─── Source material ───

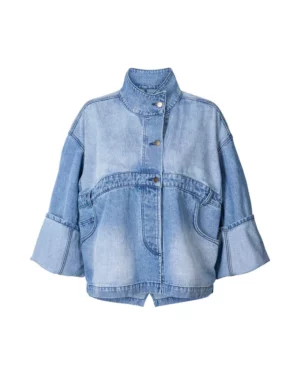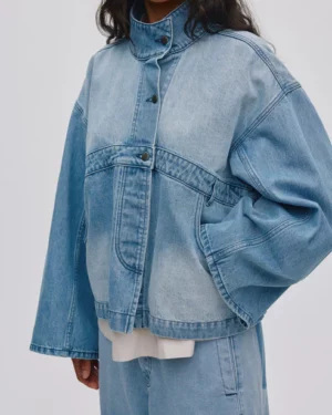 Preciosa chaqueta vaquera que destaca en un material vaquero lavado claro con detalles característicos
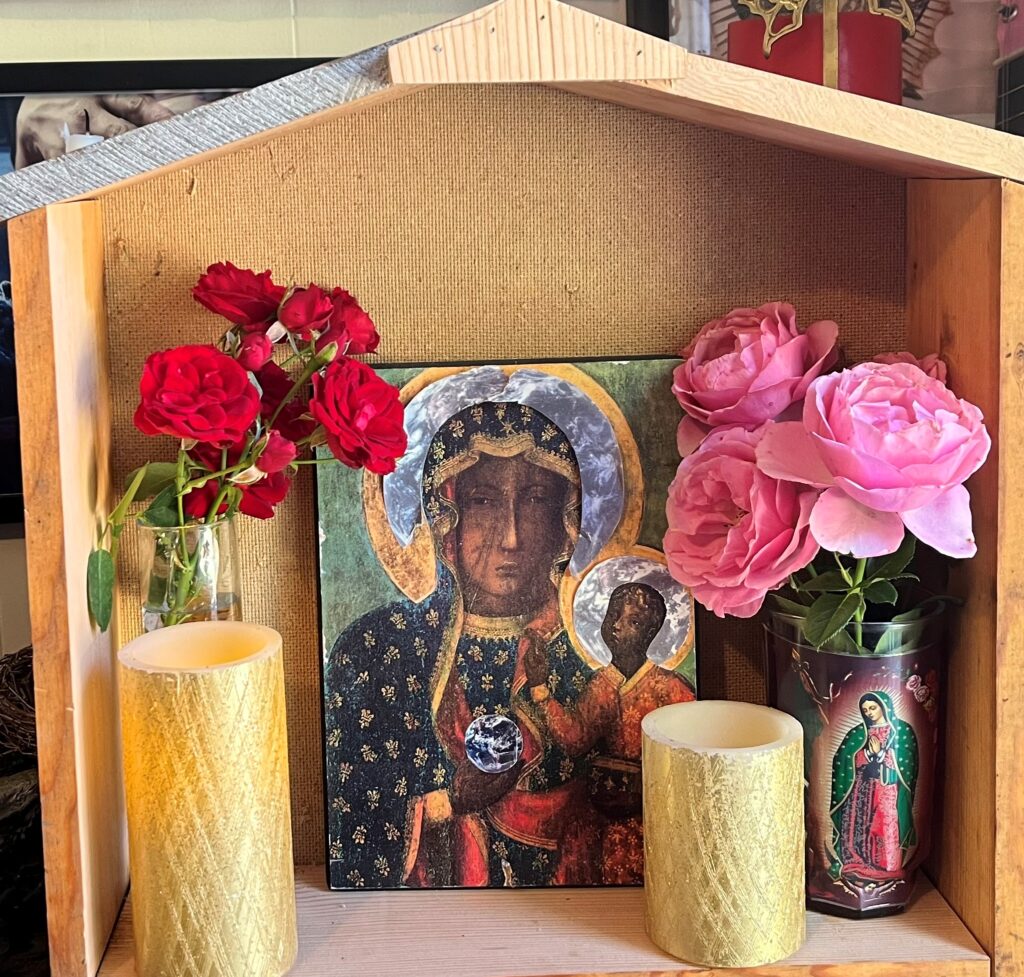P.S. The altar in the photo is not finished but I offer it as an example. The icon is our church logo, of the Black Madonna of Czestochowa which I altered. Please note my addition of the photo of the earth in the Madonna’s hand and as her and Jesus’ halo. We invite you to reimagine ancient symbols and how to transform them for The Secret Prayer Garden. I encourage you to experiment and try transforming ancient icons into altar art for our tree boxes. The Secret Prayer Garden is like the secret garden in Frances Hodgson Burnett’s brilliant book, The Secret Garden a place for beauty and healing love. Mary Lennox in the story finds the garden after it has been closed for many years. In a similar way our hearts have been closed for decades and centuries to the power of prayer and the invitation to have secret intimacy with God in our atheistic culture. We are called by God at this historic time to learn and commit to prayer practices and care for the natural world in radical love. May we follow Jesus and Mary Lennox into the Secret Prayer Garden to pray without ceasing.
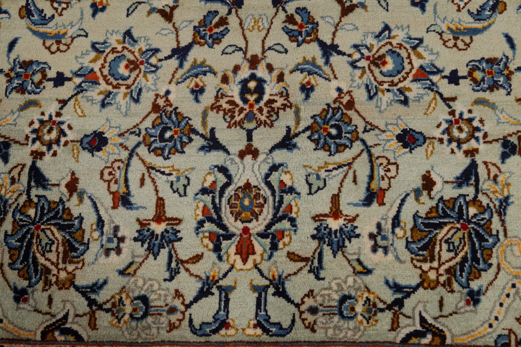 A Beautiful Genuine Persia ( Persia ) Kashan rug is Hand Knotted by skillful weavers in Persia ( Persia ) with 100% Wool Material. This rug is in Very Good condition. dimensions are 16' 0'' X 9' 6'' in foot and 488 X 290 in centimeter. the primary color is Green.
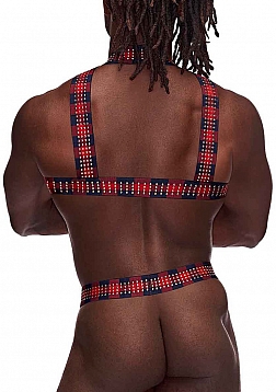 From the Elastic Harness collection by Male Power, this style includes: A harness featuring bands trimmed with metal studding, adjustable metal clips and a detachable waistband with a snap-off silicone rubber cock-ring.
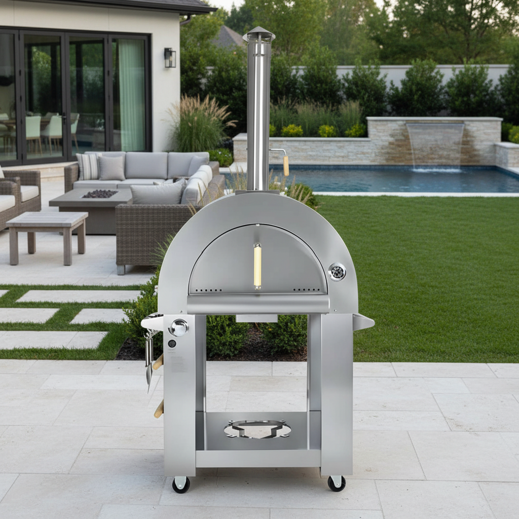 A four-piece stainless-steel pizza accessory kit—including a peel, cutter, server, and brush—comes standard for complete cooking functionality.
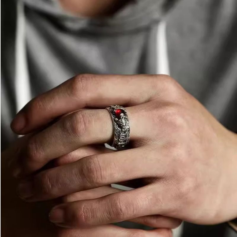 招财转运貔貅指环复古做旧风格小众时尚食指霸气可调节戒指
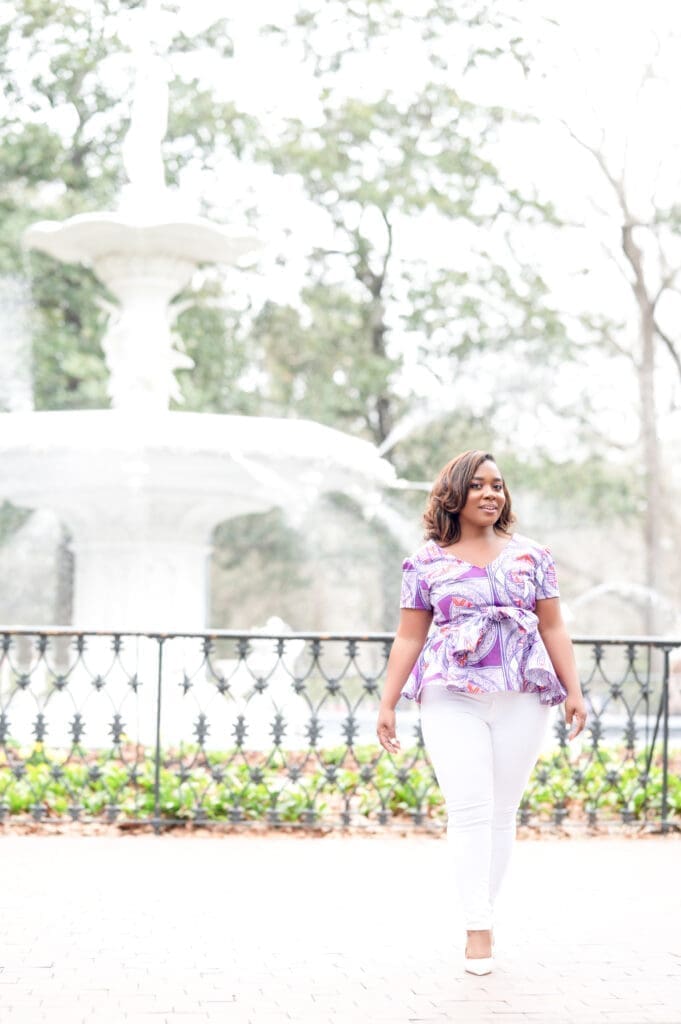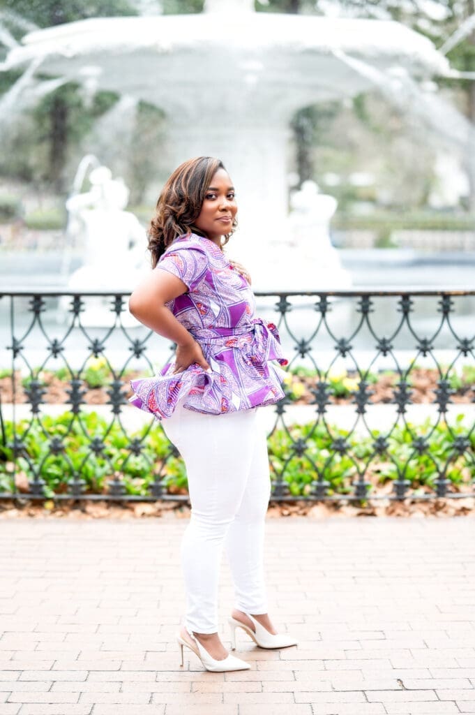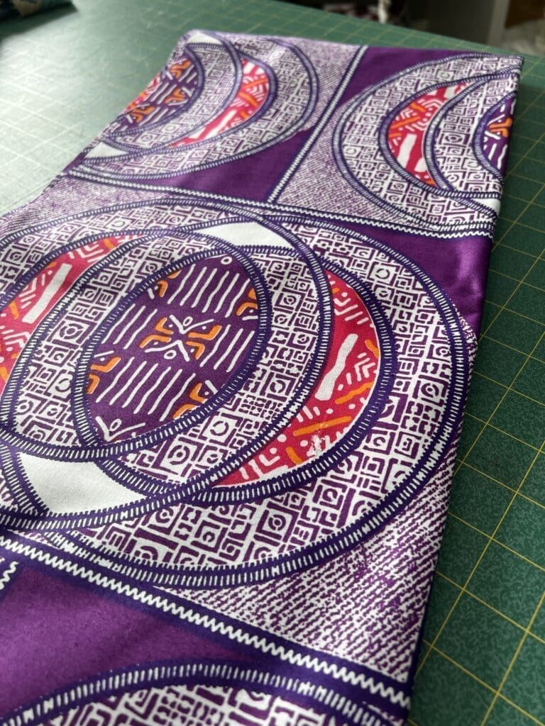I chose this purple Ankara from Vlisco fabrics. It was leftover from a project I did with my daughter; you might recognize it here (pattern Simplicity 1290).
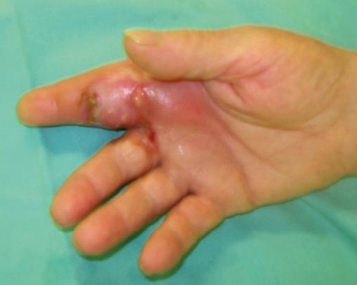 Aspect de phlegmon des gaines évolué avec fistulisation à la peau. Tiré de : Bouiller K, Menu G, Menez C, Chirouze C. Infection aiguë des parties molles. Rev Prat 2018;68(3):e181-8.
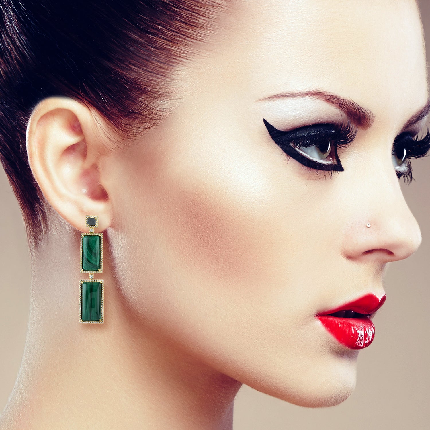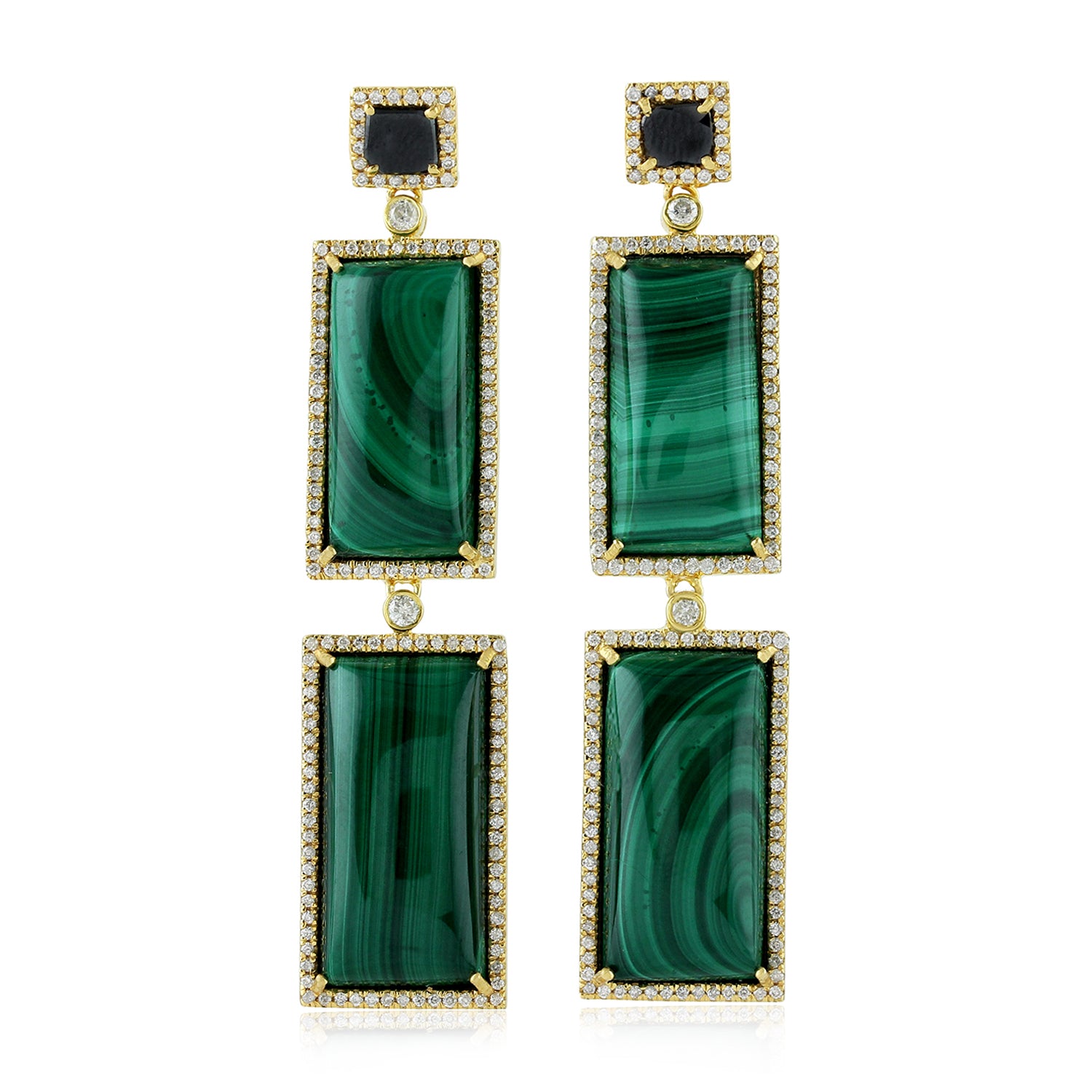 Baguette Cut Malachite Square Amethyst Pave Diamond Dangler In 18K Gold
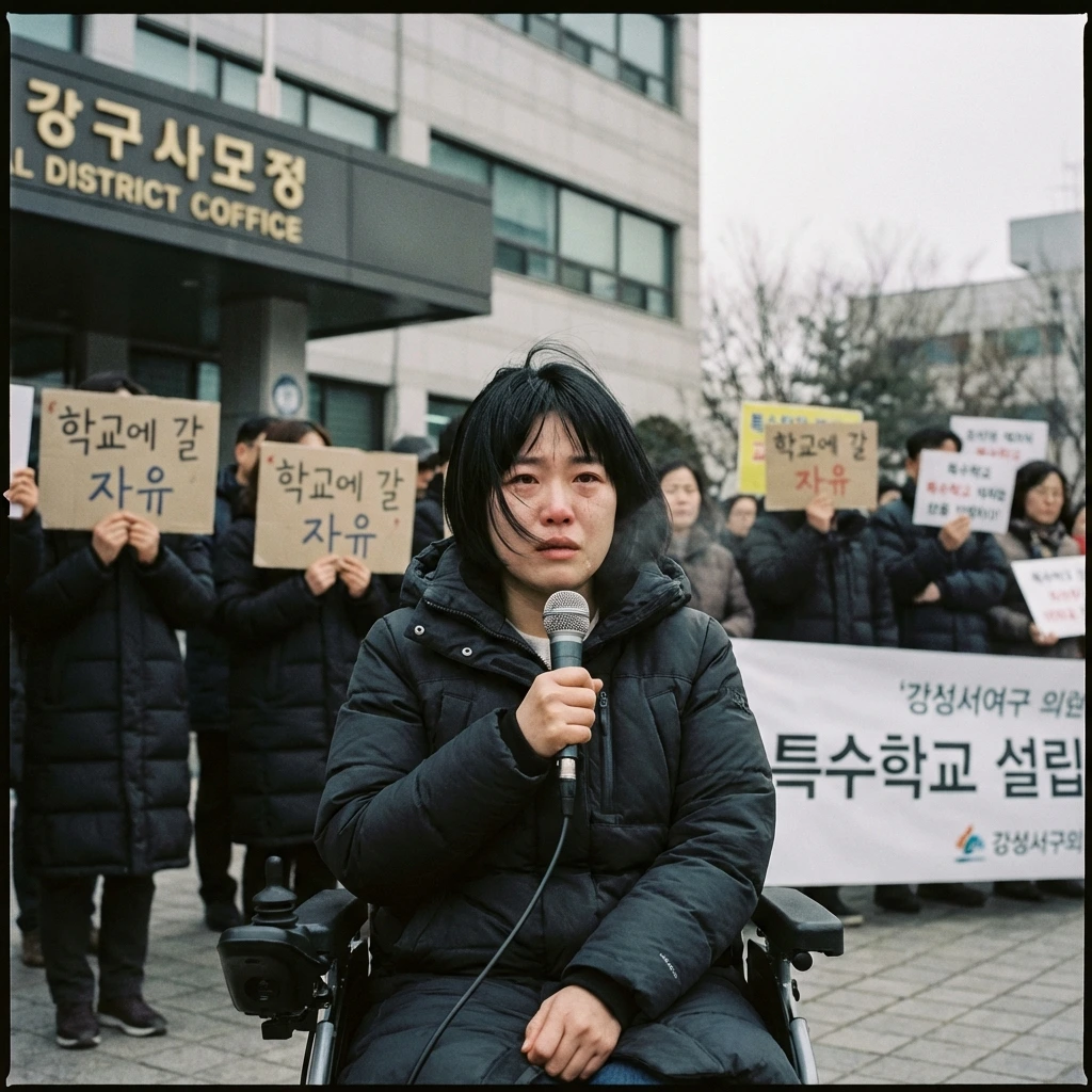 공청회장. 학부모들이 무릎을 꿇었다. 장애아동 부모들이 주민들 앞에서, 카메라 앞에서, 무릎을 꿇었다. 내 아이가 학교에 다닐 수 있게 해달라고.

───

## What you need to do
Every line from the one containing "I chose this" through the end of the entries above, both included, should be extracted exactly, with pictures left out.

## Solved exercise
I chose this purple Ankara from Vlisco fabrics. It was leftover from a project I did with my daughter; you might recognize it here (pattern Simplicity 1290).
 Aspect de phlegmon des gaines évolué avec fistulisation à la peau. Tiré de : Bouiller K, Menu G, Menez C, Chirouze C. Infection aiguë des parties molles. Rev Prat 2018;68(3):e181-8.
 Baguette Cut Malachite Square Amethyst Pave Diamond Dangler In 18K Gold
 공청회장. 학부모들이 무릎을 꿇었다. 장애아동 부모들이 주민들 앞에서, 카메라 앞에서, 무릎을 꿇었다. 내 아이가 학교에 다닐 수 있게 해달라고.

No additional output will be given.